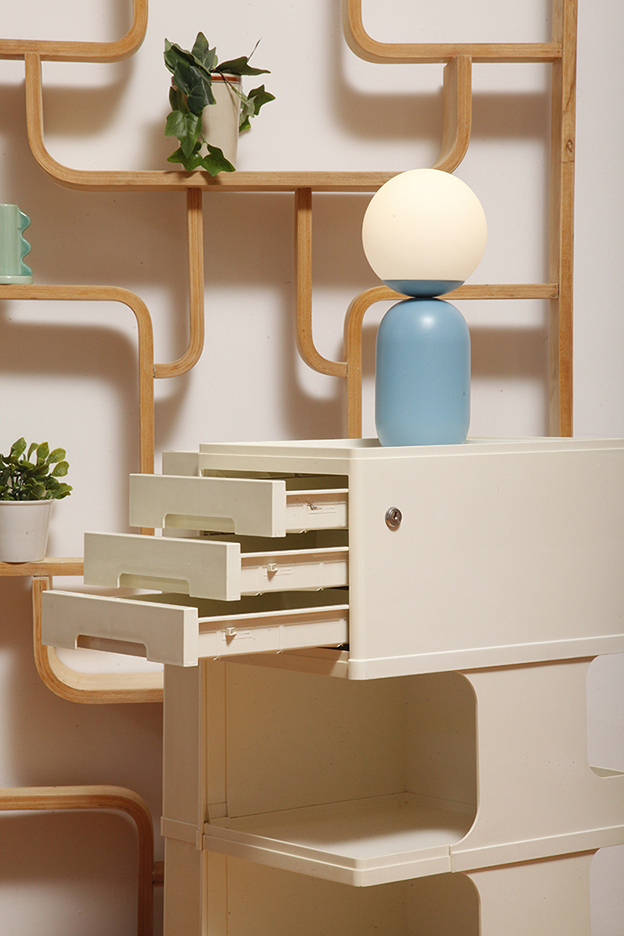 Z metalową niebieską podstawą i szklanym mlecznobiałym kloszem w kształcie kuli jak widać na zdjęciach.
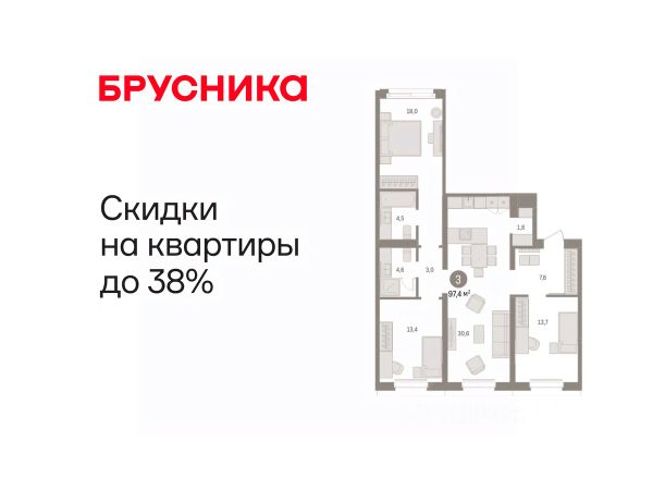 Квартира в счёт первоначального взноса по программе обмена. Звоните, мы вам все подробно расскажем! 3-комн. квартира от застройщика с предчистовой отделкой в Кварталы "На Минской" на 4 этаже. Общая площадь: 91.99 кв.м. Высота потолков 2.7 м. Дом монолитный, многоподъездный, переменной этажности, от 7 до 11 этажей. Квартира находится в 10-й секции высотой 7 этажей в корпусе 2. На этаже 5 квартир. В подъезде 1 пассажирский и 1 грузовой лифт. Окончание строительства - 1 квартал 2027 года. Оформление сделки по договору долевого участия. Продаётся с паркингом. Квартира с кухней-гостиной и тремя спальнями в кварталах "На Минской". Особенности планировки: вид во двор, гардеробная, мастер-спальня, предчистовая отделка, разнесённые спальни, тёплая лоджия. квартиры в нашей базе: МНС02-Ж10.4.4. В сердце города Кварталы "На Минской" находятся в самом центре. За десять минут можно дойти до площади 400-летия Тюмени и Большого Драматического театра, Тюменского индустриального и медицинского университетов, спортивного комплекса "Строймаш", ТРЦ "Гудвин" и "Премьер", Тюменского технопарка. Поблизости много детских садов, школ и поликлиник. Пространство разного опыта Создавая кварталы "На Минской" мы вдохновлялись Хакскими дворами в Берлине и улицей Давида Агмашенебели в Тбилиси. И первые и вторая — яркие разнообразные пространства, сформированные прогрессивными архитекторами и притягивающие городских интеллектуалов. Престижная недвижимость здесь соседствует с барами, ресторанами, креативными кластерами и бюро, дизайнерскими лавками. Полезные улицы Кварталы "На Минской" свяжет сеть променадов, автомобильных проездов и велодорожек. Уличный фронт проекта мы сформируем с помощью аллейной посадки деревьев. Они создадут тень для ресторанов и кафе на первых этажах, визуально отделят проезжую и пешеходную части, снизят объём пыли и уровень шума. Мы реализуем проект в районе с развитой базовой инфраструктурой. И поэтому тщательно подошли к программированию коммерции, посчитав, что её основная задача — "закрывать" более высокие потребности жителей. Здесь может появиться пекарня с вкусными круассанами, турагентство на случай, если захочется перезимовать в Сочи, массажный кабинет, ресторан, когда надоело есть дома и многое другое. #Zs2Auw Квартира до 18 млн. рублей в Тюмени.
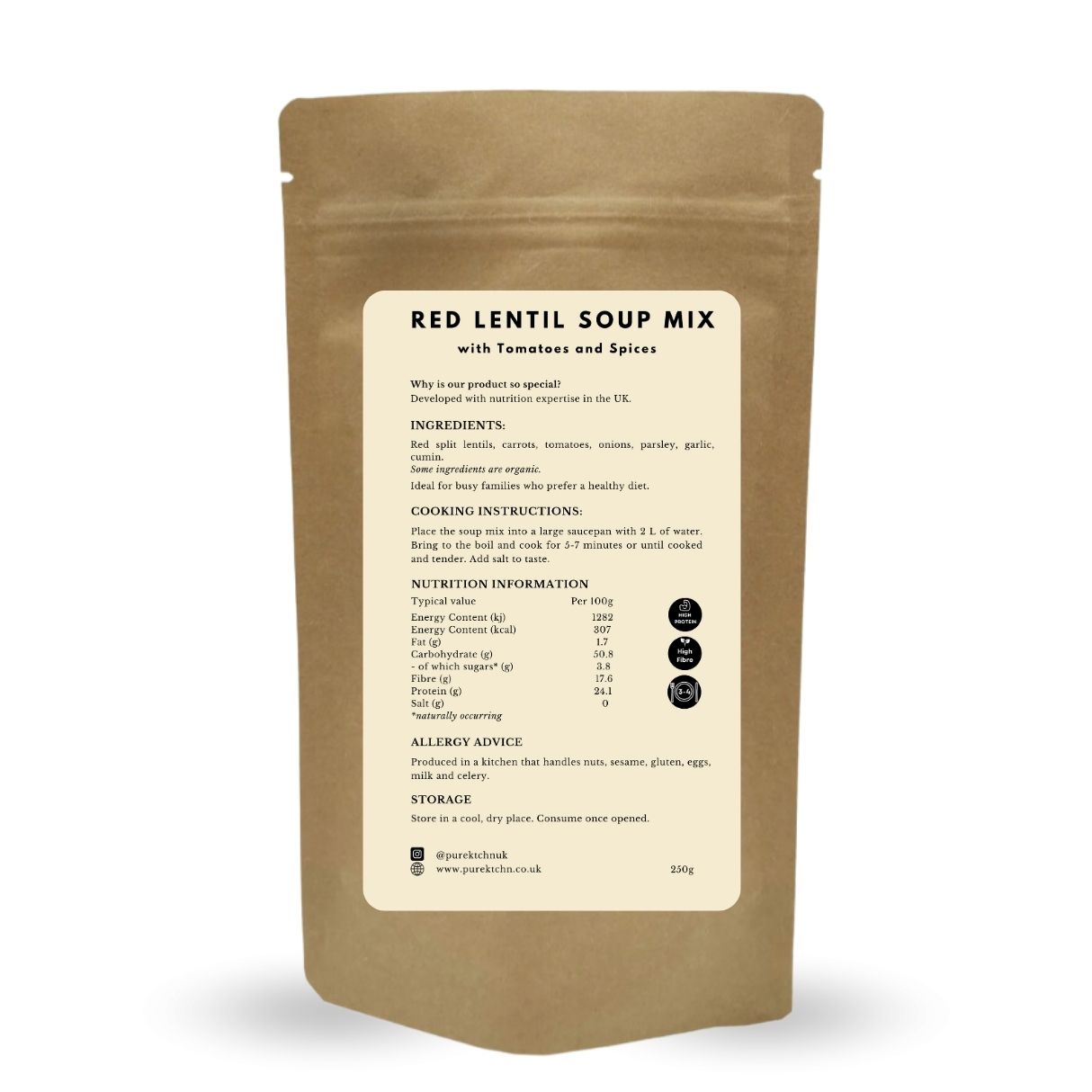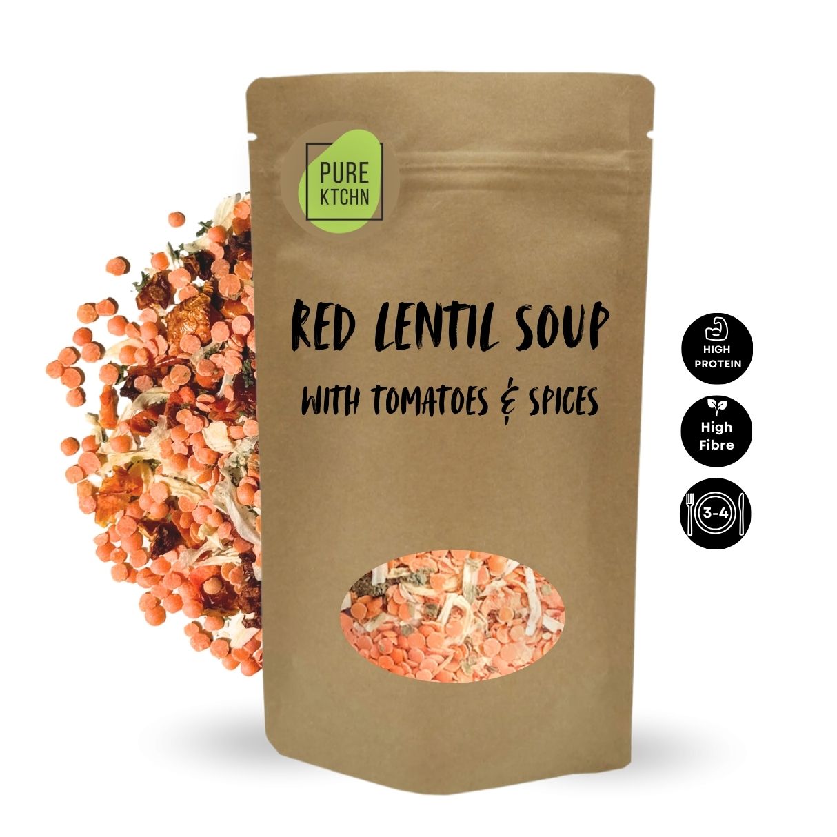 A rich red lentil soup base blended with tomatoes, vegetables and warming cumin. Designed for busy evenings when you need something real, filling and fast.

----

## Aim of the task
Word-for-word output of the material above is needed, with the pictures left out.

## Result of the task
 Z metalową niebieską podstawą i szklanym mlecznobiałym kloszem w kształcie kuli jak widać na zdjęciach.
 Квартира в счёт первоначального взноса по программе обмена. Звоните, мы вам все подробно расскажем! 3-комн. квартира от застройщика с предчистовой отделкой в Кварталы "На Минской" на 4 этаже. Общая площадь: 91.99 кв.м. Высота потолков 2.7 м. Дом монолитный, многоподъездный, переменной этажности, от 7 до 11 этажей. Квартира находится в 10-й секции высотой 7 этажей в корпусе 2. На этаже 5 квартир. В подъезде 1 пассажирский и 1 грузовой лифт. Окончание строительства - 1 квартал 2027 года. Оформление сделки по договору долевого участия. Продаётся с паркингом. Квартира с кухней-гостиной и тремя спальнями в кварталах "На Минской". Особенности планировки: вид во двор, гардеробная, мастер-спальня, предчистовая отделка, разнесённые спальни, тёплая лоджия. квартиры в нашей базе: МНС02-Ж10.4.4. В сердце города Кварталы "На Минской" находятся в самом центре. За десять минут можно дойти до площади 400-летия Тюмени и Большого Драматического театра, Тюменского индустриального и медицинского университетов, спортивного комплекса "Строймаш", ТРЦ "Гудвин" и "Премьер", Тюменского технопарка. Поблизости много детских садов, школ и поликлиник. Пространство разного опыта Создавая кварталы "На Минской" мы вдохновлялись Хакскими дворами в Берлине и улицей Давида Агмашенебели в Тбилиси. И первые и вторая — яркие разнообразные пространства, сформированные прогрессивными архитекторами и притягивающие городских интеллектуалов. Престижная недвижимость здесь соседствует с барами, ресторанами, креативными кластерами и бюро, дизайнерскими лавками. Полезные улицы Кварталы "На Минской" свяжет сеть променадов, автомобильных проездов и велодорожек. Уличный фронт проекта мы сформируем с помощью аллейной посадки деревьев. Они создадут тень для ресторанов и кафе на первых этажах, визуально отделят проезжую и пешеходную части, снизят объём пыли и уровень шума. Мы реализуем проект в районе с развитой базовой инфраструктурой. И поэтому тщательно подошли к программированию коммерции, посчитав, что её основная задача — "закрывать" более высокие потребности жителей. Здесь может появиться пекарня с вкусными круассанами, турагентство на случай, если захочется перезимовать в Сочи, массажный кабинет, ресторан, когда надоело есть дома и многое другое. #Zs2Auw Квартира до 18 млн. рублей в Тюмени.
 A rich red lentil soup base blended with tomatoes, vegetables and warming cumin. Designed for busy evenings when you need something real, filling and fast.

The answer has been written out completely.